At first I tried just encompassing 2 circles by finding the midpoint of the centers and that being the midpoint of the new circle while the radius was equal to the half of the radius of the 2 initial circles and half the distance between their centers, but somehow it always turned out to be a little off. The problem always seemed to be a problem with finding the radius, but I have such a headache about this I can't make it work.

I don't necessarily need a method for finding a circle that encompasses 3 or more circles. I can find a circle that encompasses 2, take that circle and encompass it with another, and another, and the final circle should encompass all circles given throughout the steps.

+5  A: 

Its termed Minimum Enclosing Circle ("MEC"), or sometimes "smallest enclosing circle".
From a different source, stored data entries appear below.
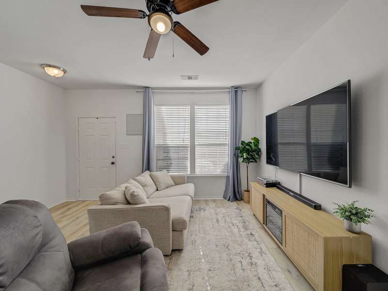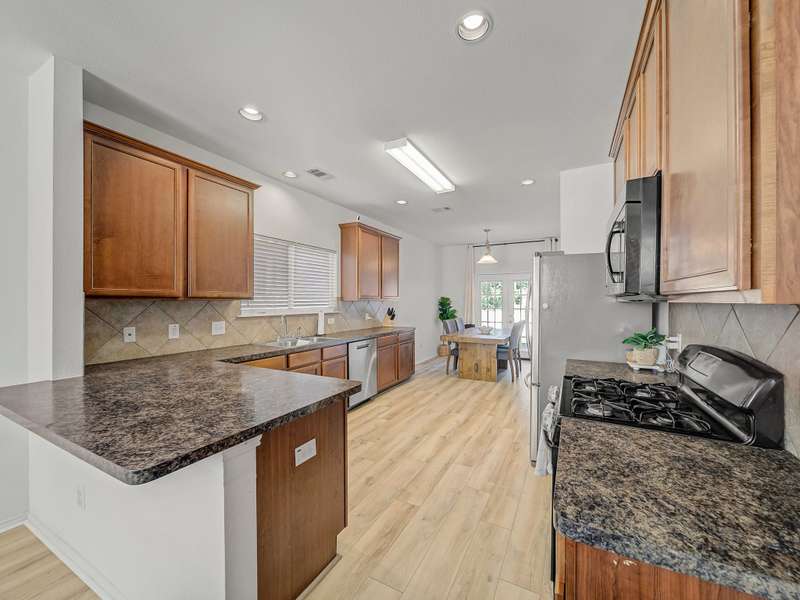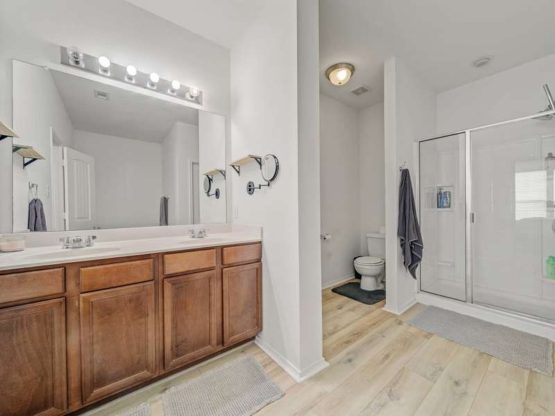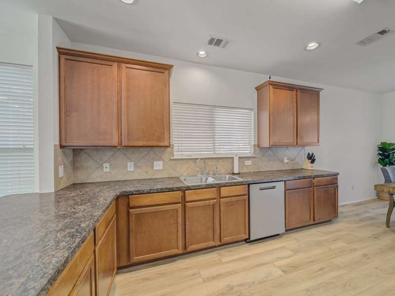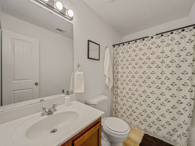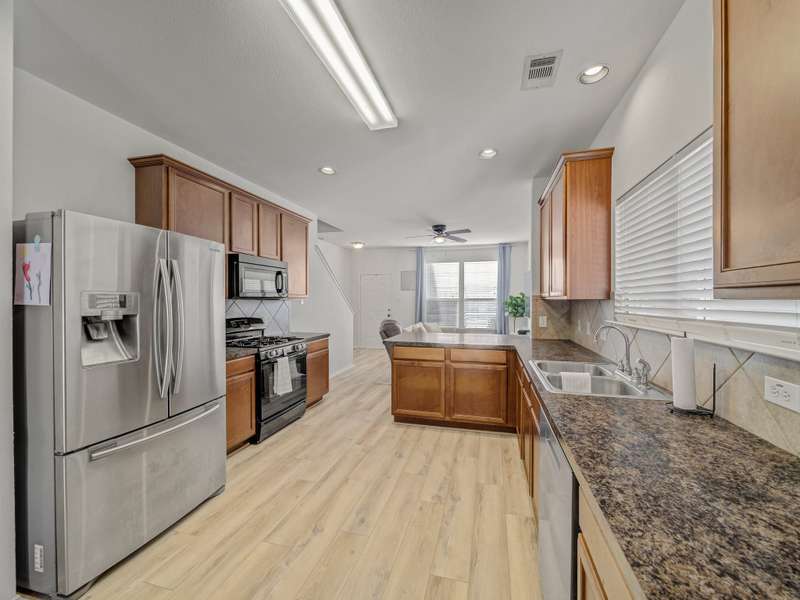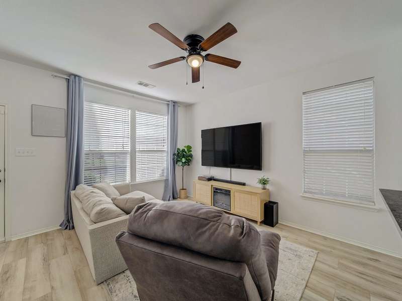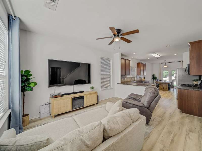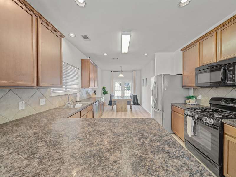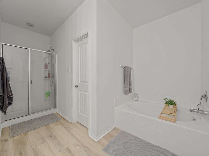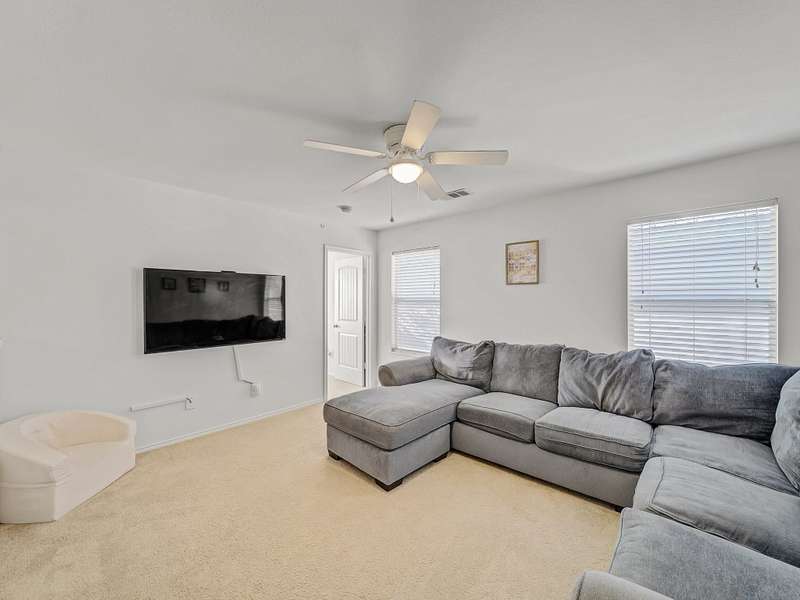 With its welcoming front porch and storybook curb appeal, this cheerful two-story home blends comfort and character in the heart of Providence Village. Inside, youll find a light-filled open layout that flows effortlessly from the cozy living room to the kitchen and dining space - perfect for everyday living or weekend entertaining. The kitchen features rich cabinetry, a gas range, and all kitchen appliances included, while the dining area opens to the backyard through classic French doors. The spacious 1st floor primary suite offers a true retreat, complete with a soaking tub, separate shower, dual vanities, and a walk-in closet that connects directly to the laundry area for added convenience! Upstairs, a versatile bonus space anchors two secondary bedrooms and a full bath. Located in a vibrant community known for its parks, pools, tennis courts, and more this home offers not just a place to live, but a lifestyle to love.
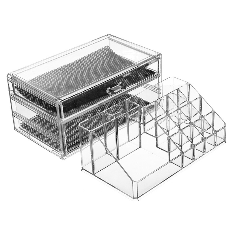 アクリルデスク収納棚引き出し付き三段物置棚口紅棚防塵透明化粧品展示ケース
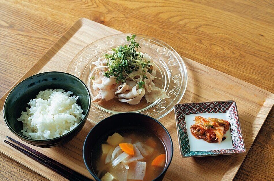 疲れて帰ってきても自炊が続くよう、ふだんの夕食は省エネに。「子どもが野菜を取れる具だくさんの豚汁と、簡単なメインのみ。副菜はキムチなど“出すだけの物でよし」。
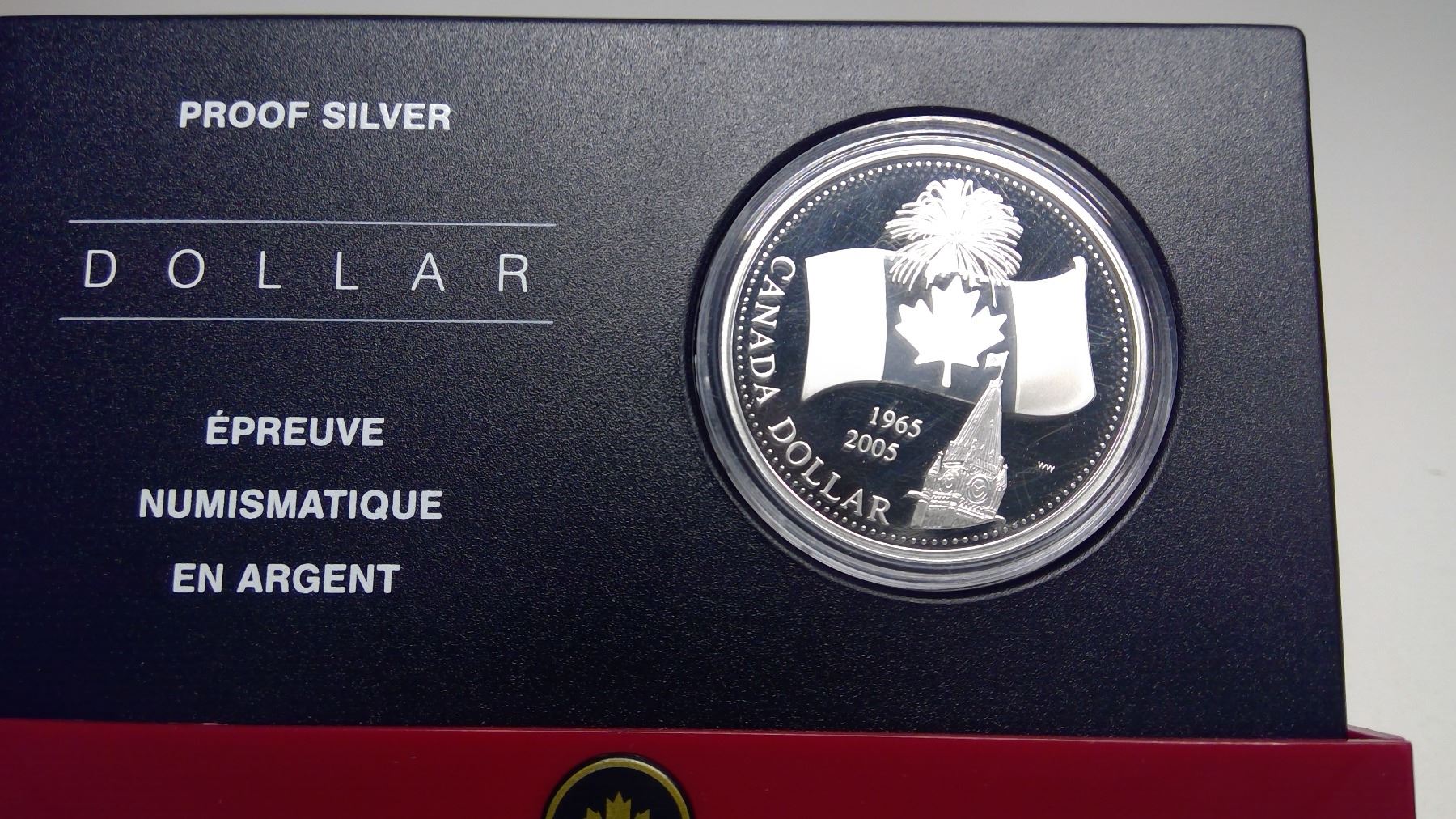 1965-2005 Canada Proof Fine Silver Dollar, 40th Anniversary Canada Flag, COA
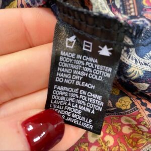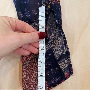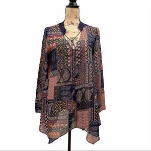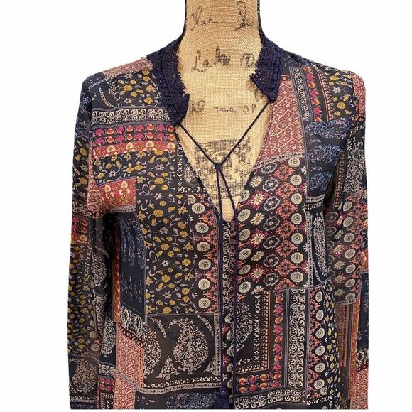 Lightweight long sleeved peasant blouse with crochet detail on the back and fringe tassels. Beautiful deep fall colors. Resonates so much with autumn! Oversized. Slits at cuff.
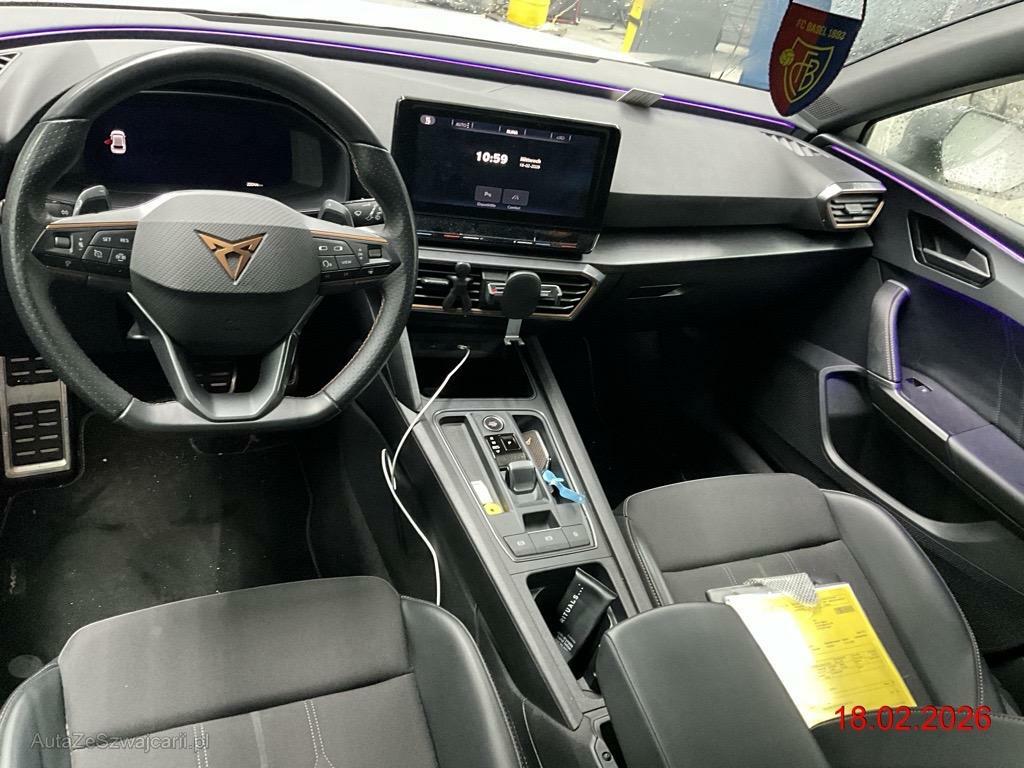 | Serienausstattung | ABS, EBV elektronische Bremskraft-verteilung, Abgedunkelte Scheiben ab B-Säule hinten, Airbag: Airbag Beifahrer deaktivierbar, Airbag: Airbag Fahrer und Beifahrer, Airbag: Kopfairbags vorne und hinten, Airbag: Seitenairbags für Fahrer und Beifahrer, Airbag: Zentral Airbag, Assist: Einparkhilfe hinten, Assist: Elektronische Parkbremse mit Auto Hold Funktion, Assist: Multifunktionskamera, Assist: Multikollisionsbremse, Assist: PreCrash Sicherheitssystem, Assist: Tempomat, Assist: Tiredness detection (Müdigkeitserkennung), Assist: Traction Control (TCS), deaktivierbar, Aussenspiegel elektrisch einstell-, beheiz- und einklappbar mit Beifahrerabsenkfunktion, Aussenspiegel in Cosmo Grey, Türgriffe in Wagenfarbe, Aussenspiegel mit LED-Blinker, Bremszangen vorne und hinten in Schwarz, CUPRA Drive Profile mit ", CUPRA-Heckspoiler, Dachhimmel schwarz, Dekor: Dekorblenden in Copper, Dekor: Schalthebelknopf in Leder, Dokumentenablage unter dem linken Vordersitz, Dreipunkt-Automatiksicherheitsgurte auf allen Plätzen, ESC mit EBA, DSR und Reifendruckkontrolle, Elektrische Fensterheber vorne und hinten mit Komfortschaltung und Einklemmschutz, Fahrwerk: Adaptive Fahrwerksregelung DCC, Fahrwerk: Progressivlenkung, Fahrwerk: Vorderachs-Differenzialsperre, Full Digital Cockpit, Fussmatten vorne und hinten, Garantie: 2 Jahre ohne Kilometerbegrenzung (ab 1. Inv.), Getriebe: Sequentielles 6-Gang-Getriebe mit Automatikfunktion, Heckscheiben-Wisch-/Waschanlage mit Intervall, Heckscheibenheizung, Innenspiegel automatisch abblendbar, Kindersitzverankerung ISOFIX (äussere Plätze hinten), Klima: 3-Zonen Climatronic, LED-Innenraumbeleuchtung mit Ambientebeleuchtung Wraparound, Lackierung: Uni-Lackierung, Ladekabel (Mode 3), Ladekabel für Haushaltssteckdose (Mode 2), Lenkrad: Beheizbares Ledermultifunktionslenkrad mit Schaltwippen, Licht- und Regensensor, Licht: Coming Leaving Home Funktion, Licht: Drittes Bremslicht, Licht: Durchgehende Full LED-Heckleuchten, Licht: LED-Heckleuchten mit dynamischem Blinklicht, Licht: LED-Nebelscheinwerfer mit Cornering-Funktion, Licht: LED-Scheinwerfer für Abblend- und Fernlicht, Licht: LED-Tagfahrlicht, Licht: Leuchtweitenregulierung, Media: 12", Media: 2 USB C Anschlüsse hinten und vorne, Media: 6 Lautsprecher, Media: CUPRA Connect Online Infotainment für Navigationssystem, Media: CUPRA Connect Remote &, Media: CUPRA Navigationssystem, Media: DAB+ (Digital Audio Broadcasting), Media: Kartenmaterial ''Europa'', Media: Mobiltelefon Freisprechanlage Bluetooth, Media: Sprachsteuerung, Mittelarmlehne vorne und hinten, Nebelschlussleuchte, Ottopartikelfilter, Parksensoren in Midnight Black, Pollenfilter (Staubfilter), Pyrotechnische Gurtstraffer und Gurtkraftbegrenzer, Räder: Alufelgen 8J x 19", Räder: Reifendruck-Kontrollanzeige, Räder: Reifenreparatur-Set (Tire Fit), Schlüsselloses Schliess- und Startsystem (KESSY), Servolenkung mit geschwindigkeitsabhängiger Lenkkraftunterstützung, Sicherheitsgurtkontrolle für alle Sitze, Sitze: 2 verstellbare Kopfstützen vorne und 3 hinten, Sitze: CUPRA Sport Schalensitze in ", Sitze: Dokumentenablage unter dem linken Vordersitz, Sitze: Geteilt abklappbare Rücksitzlehne 1/3 - 2/3, Sitze: Kindersitzverankerung ISOFIX hinten, Sitze: Sitzheizung für Vordersitze, getrennt regelbar, Sitze: Vordersitze höhenverstellbar, Sonnenblende Fahrer und Beifahrerseite mit beleuchtetem Spiegel, Stopp - Start- und Rekuperationssystem, Stossfänger in Sport-Optik mit Heckdiffusor in Wagenfarbe, Vollverzinkte Karosserie, Wegfahrsperre elektronisch, Wärmeschutzverglasung, Zentralverriegelung mit Funkfernbedienung, 2 Funkschlüssel, Zierleisten Seitenfenster in Schwarz Glanz, Zwei Abgasblenden in Kupfer |
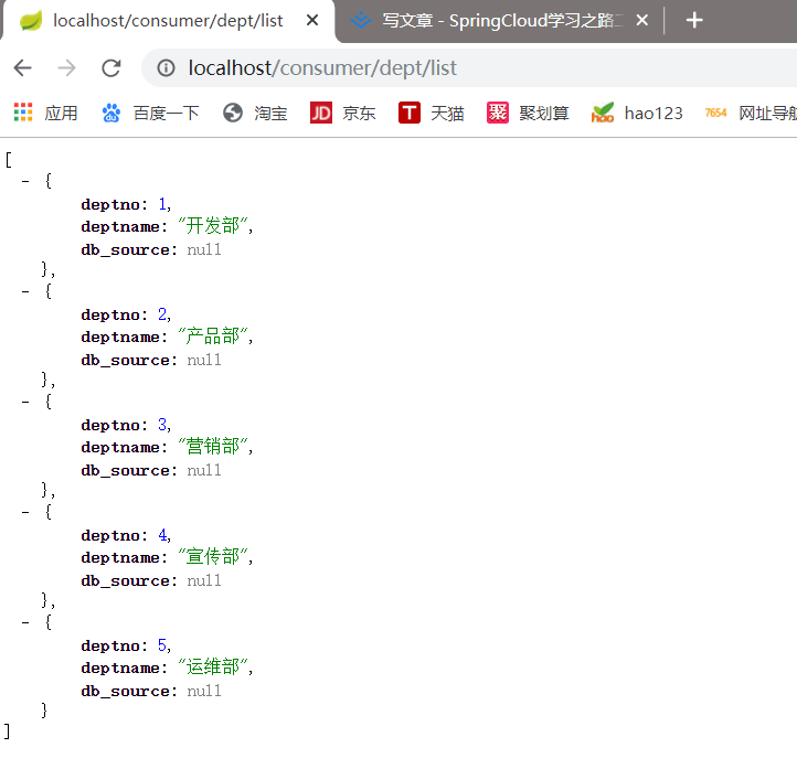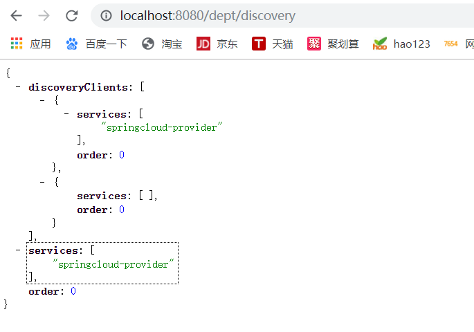 - 3、浏览器测试获取到微服务的数据(输入http://localhost:8080/dept/discovery)
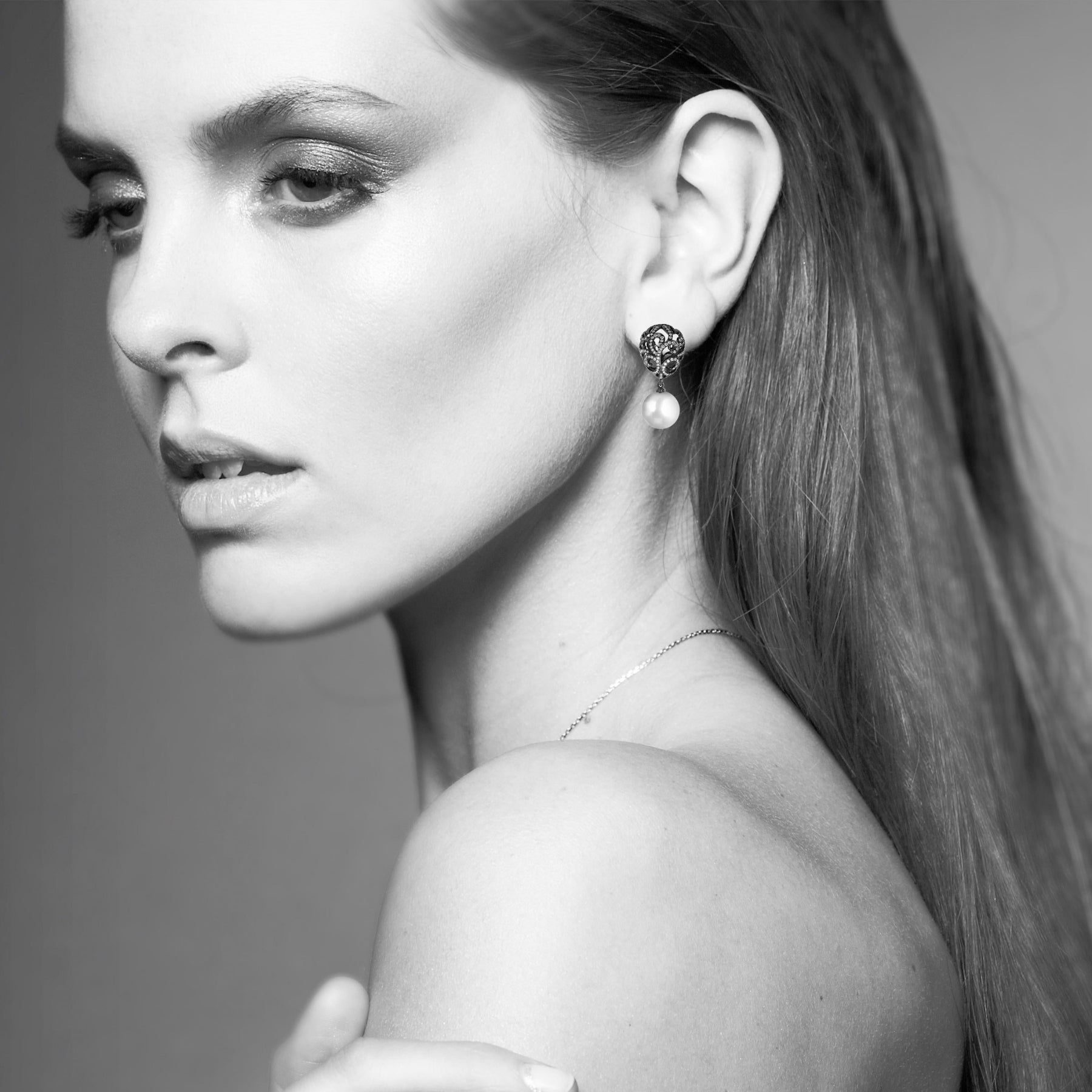 Whispering round pearl small filigree egg earrings with 0.06ct white diamonds set in black rhodium plate on 18ct white gold.

A nice site: http://www.personal.kent.edu/~rmuhamma/Compgeometry/MyCG/CG-Applets/Center/centercli.htm

Will
I think it's not exactly what he's looking for: MEC looks for the smallest circle that contains a (finite) set of points. He looks for a circle that contains other circles. It's probably a good starting point, though.
nikie
I'm not sure that will work here? The OP wants to enclose circles which, unlike "big points", could each have a different radius.
thekindamzkyoulike
I've implemented MEC for http://www.azspcs.net/Contest/PointPacking/ so can say that it is definitely translatable to this problem; the programmer will have to take acount for different sized circles, obviously
Will
I'm curious: Finding a circle through 3 points is pretty simple, but finding a circle that touches 3 other circles yields a system of 3 quadratic equations, and my computer algebra system can't find a solution for it. What makes you so sure MEC can be simply translated to this problem? Also, IIRC MEC can be simplified by just looking at the points on the convex hull. That won't work with circles.
nikie
The MEC algorithms work by taking a large bounding circle and shrinking it. You can represent the circles not as points representing their centres but as points on their perimeter; you could simply use points at sufficiently small distances apart, or you could do the maths to put the point on the furthest point of the perimeter from the centre of the bounding circle, etc.
Will
+1  A: 

Just understand the equations of the circle and derive an equation (or a series) for find the answer then start implementing. Perhaps we will be able to help you in that given you have done something.

Chathuranga Chandrasekara
+4  A: 

Given two circles, with centers [x1,y1], [x2,y2], and radii R1 and R2. What is the center of the enclosing circle?

Assume that R1 is no larger than R2. If the second circle is the smaller, then just swap them.

  1. Compute the distance between centers of the circles.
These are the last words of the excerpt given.